From week two, you’ll see a different side of Buck. That’s great because the “cocky lad” thing can only go so far before you start really disliking someone. So immediately he gets a chance to say, “No, I’m a real guy with a real heart and I want to help people.” It was a lot of fun and I was really happy when I read that.

 

What do you like about this guy?

I think my favorite thing about him is that he’s tough and brave. He has a little bit of charm to him but then as you go on you’ll see that he’s also really emotional, vulnerable, and that he’s OK with that.

 

You’re tough and cool, right?

No, I was going to say the opposite. I’m totally emotional and I cry about stuff, and I’m totally OK with that. I feel like as young man growing up often you’re told that you shouldn’t be OK with that and there’s a kind of type of masculinity that comes from that. So I love being able to push that it’s OK to care and be emotional.

 

When in the pilot he tells the 911 operator [played by Connie Britton] that she is the real hero, is that a turning point for him?
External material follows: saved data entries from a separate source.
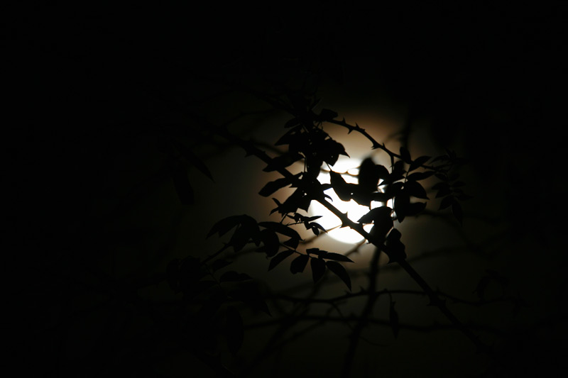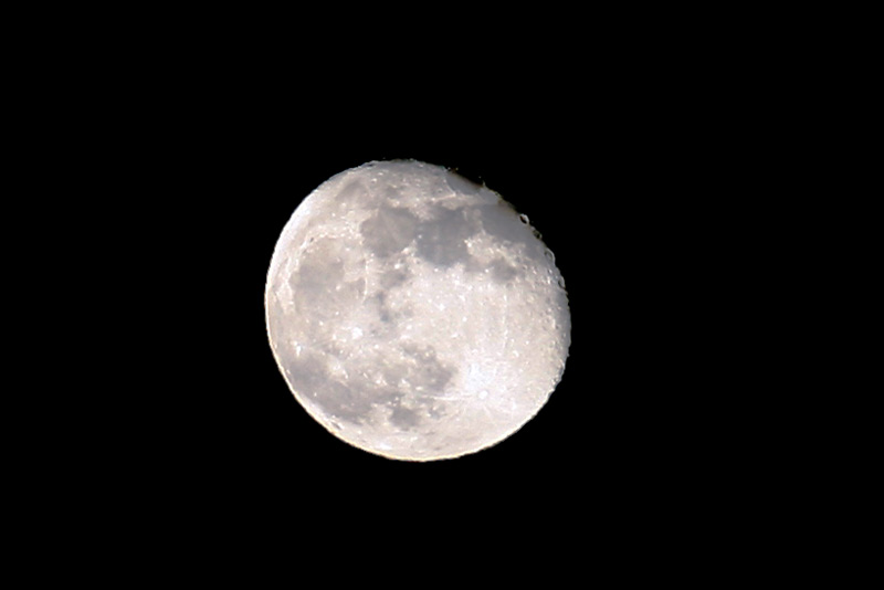 Die Überstrahlung hatte ich auch gerade vorhin. Ich habe mir wieder einmal die Zähne an dem Mond ausgebissen. Ich schaffe es nicht, den Mond hinter einer Nebelwand richtig belichtet hinzukriegen. Er ist immer dermaßen ausgefressen, so dass einem beim Betrachten auf dem Bildschirm die Augen schmerzen. Nur diese beiden Aufnahmen kann man gerade noch durchgehen lassen. Das erste ist eine Vergrößerung aus einem Foto.
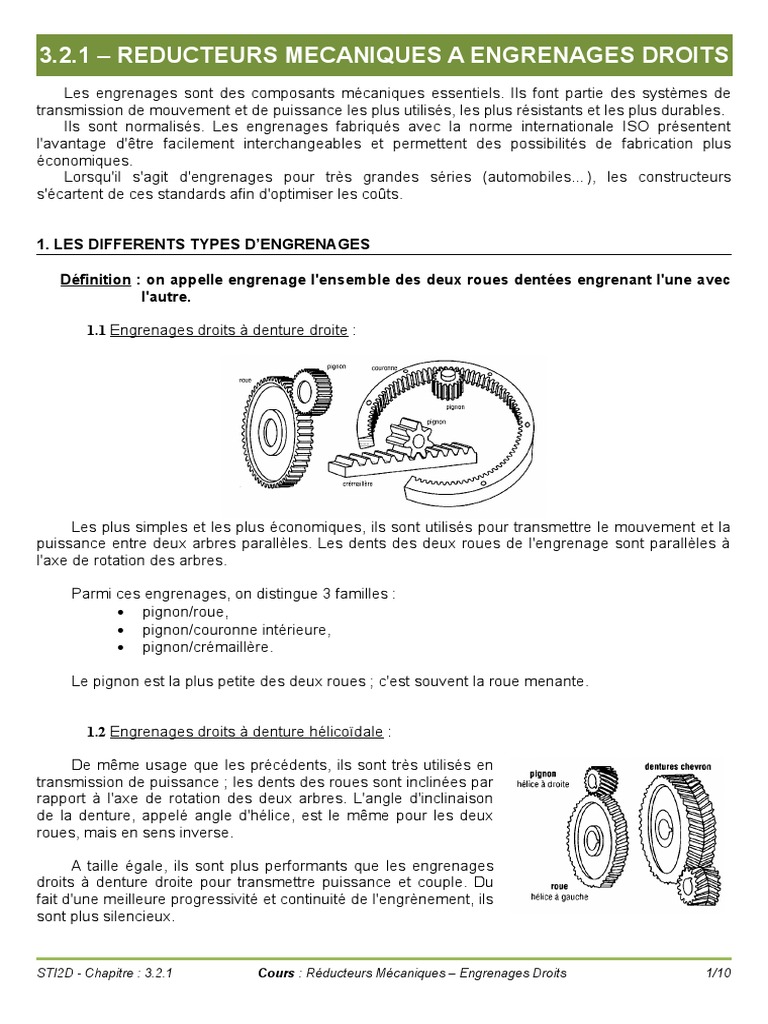 3 2 1 Cours Prof Engrenages Droits Machine Cinematique
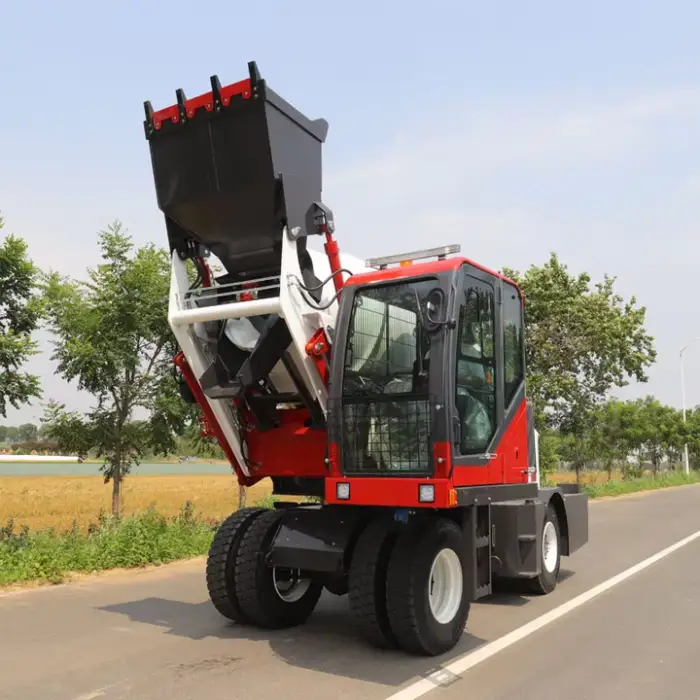 The mixer truck operates on a 4-wheel drive system.
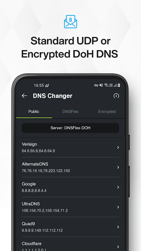 * Prend en charge le DOH crypté (DNS sur HTTPS) et le DNS UDP
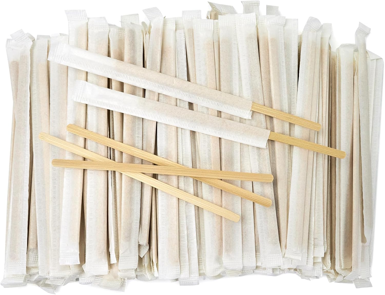 Bamboo Coffee Stirrers Individually Wrapped 500 Count, 7 inch Coffee Stir Sticks - For Hot Drinks and Cocktails, Smooth End, Disposable and Travel-Friendly
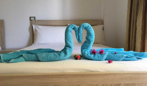 Standard Room, близько 30 м², номер з балконом, 1 двоспальним ліжком і 1 односпальне ліжко. В цьому році в номерах міні-кухні немає. 2 номери мають вигляд на море, інші 6 номерів - немає.

I think that’s the first time he’s outwardly humble. He shows some humanity where he’s acknowledging that, “Hey, this wasn’t me.”

I think there’s a line in the pilot where he says, “As far as I’m concerned the world began the day I was born.” But, toward the end of the episode you start to see him acknowledge the other people and realize that he can’t do the job by himself. … I think it’s quite grounding for him, and I think it’s what he needs. It was fun to have that kind of light and dark so early on.